**What you should do**:
Reproduce from the records below, with no pictures, exactly the lines between the one containing "4- عصير الخضراوات: وعلى" and the one containing "The company emphasizes", inclusive.

**Records shown**:

========

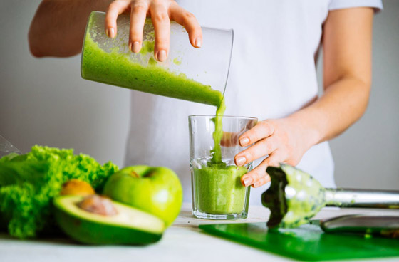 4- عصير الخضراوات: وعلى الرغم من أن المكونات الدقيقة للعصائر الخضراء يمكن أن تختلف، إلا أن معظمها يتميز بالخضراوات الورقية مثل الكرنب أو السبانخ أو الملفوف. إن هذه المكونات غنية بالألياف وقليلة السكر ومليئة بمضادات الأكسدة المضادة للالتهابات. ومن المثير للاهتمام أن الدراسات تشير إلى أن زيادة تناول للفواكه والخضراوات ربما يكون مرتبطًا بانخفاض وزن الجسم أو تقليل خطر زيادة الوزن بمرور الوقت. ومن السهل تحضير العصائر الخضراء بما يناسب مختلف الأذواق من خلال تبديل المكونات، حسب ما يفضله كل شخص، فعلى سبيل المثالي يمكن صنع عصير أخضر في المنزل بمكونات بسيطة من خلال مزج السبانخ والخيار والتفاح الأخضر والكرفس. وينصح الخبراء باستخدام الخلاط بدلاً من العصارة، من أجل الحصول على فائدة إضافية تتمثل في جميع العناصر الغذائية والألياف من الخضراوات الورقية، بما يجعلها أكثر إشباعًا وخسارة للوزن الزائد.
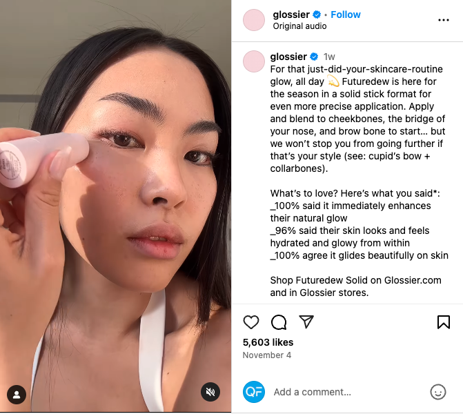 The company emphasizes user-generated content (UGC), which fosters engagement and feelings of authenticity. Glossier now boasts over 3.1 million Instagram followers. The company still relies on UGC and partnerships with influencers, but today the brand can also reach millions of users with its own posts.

========

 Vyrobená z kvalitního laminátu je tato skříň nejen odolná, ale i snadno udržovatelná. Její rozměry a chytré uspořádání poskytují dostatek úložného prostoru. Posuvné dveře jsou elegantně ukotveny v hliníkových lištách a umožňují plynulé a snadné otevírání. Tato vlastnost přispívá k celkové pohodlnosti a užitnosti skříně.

========

**Task response**:
 4- عصير الخضراوات: وعلى الرغم من أن المكونات الدقيقة للعصائر الخضراء يمكن أن تختلف، إلا أن معظمها يتميز بالخضراوات الورقية مثل الكرنب أو السبانخ أو الملفوف. إن هذه المكونات غنية بالألياف وقليلة السكر ومليئة بمضادات الأكسدة المضادة للالتهابات. ومن المثير للاهتمام أن الدراسات تشير إلى أن زيادة تناول للفواكه والخضراوات ربما يكون مرتبطًا بانخفاض وزن الجسم أو تقليل خطر زيادة الوزن بمرور الوقت. ومن السهل تحضير العصائر الخضراء بما يناسب مختلف الأذواق من خلال تبديل المكونات، حسب ما يفضله كل شخص، فعلى سبيل المثالي يمكن صنع عصير أخضر في المنزل بمكونات بسيطة من خلال مزج السبانخ والخيار والتفاح الأخضر والكرفس. وينصح الخبراء باستخدام الخلاط بدلاً من العصارة، من أجل الحصول على فائدة إضافية تتمثل في جميع العناصر الغذائية والألياف من الخضراوات الورقية، بما يجعلها أكثر إشباعًا وخسارة للوزن الزائد.
 The company emphasizes user-generated content (UGC), which fosters engagement and feelings of authenticity. Glossier now boasts over 3.1 million Instagram followers. The company still relies on UGC and partnerships with influencers, but today the brand can also reach millions of users with its own posts.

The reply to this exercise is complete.